The 42-year-old man not only burned the holy book, but uploaded the footage on the Facebook group "Yes to Freedom — No to Islam" with a caption that read:
"Consider your neighbor, it stinks when it burns," according to the New York Times.
The man's official name has not yet been released, as Danish law requires a public announcement of names only after a person has been convicted.
When the video began making the rounds online, Salvesen was charged with hate speech. The charge was later changed to blasphemy, a decision prosecutors took on Wednesday.
His lawyer Rasmus Paludan said his client burned the Quran in "self defense."
"The Quran contains passages on how Mohammed’s followers must kill the infidel, i.e. the Danes," he said.
"Therefore, it’s an act of self-defense to burn a book that in such a way incites war and violence."
A trial has been scheduled for June.
In Denmark, burning holy books including the Quran and the Bible is considered a violation of the penal code that deals with "religious scorn and public mockery," according to The Independent. The country does not consider the burning of the flag a punishable crime.
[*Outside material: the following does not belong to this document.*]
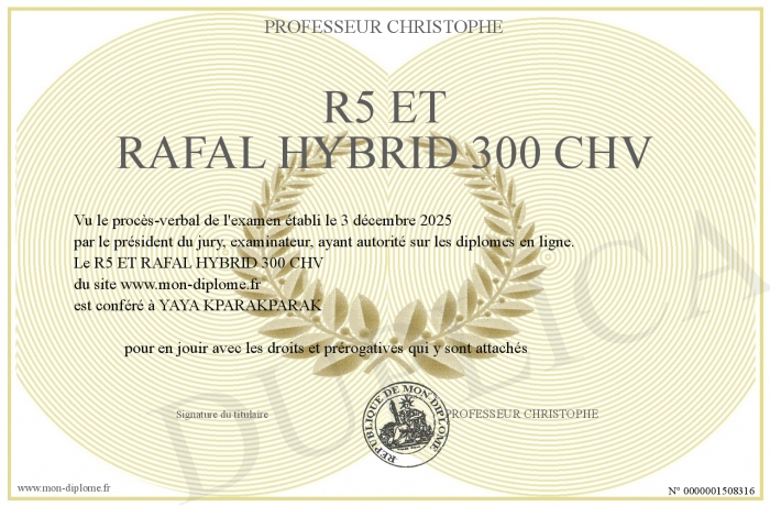 Envoyez par email votre R5 ET RAFAL HYBRID 300 CHV personalisé

This would be the fourth time anyone has been prosecuted since the law was implemented in the country in 1866.
Only two of those charged were actually convicted. The last crime in which the people received a sentence occurred in 1946 - when two men dressed as priests acted out a "baptism" during a masquerade ball in Copenhagen.
The last case happened in 1971, when two Denmark Radio producers aired a song mocking Christianity.
In 1938, four people were sentenced for putting up posters and leaflets that mocked Jewish teachings.
Salvesen's lawyer brought up an incident in 1997 when a Danish artist burned a copy of the Bible on TV - but was not charged.
"Considering that it is legal to burn a Bible in Denmark, I’m surprised then that it would be guilty to burn the Quran," he told the New York Times.
Denmark is one of five countries in the European Union that has a blasphemy law on holy books.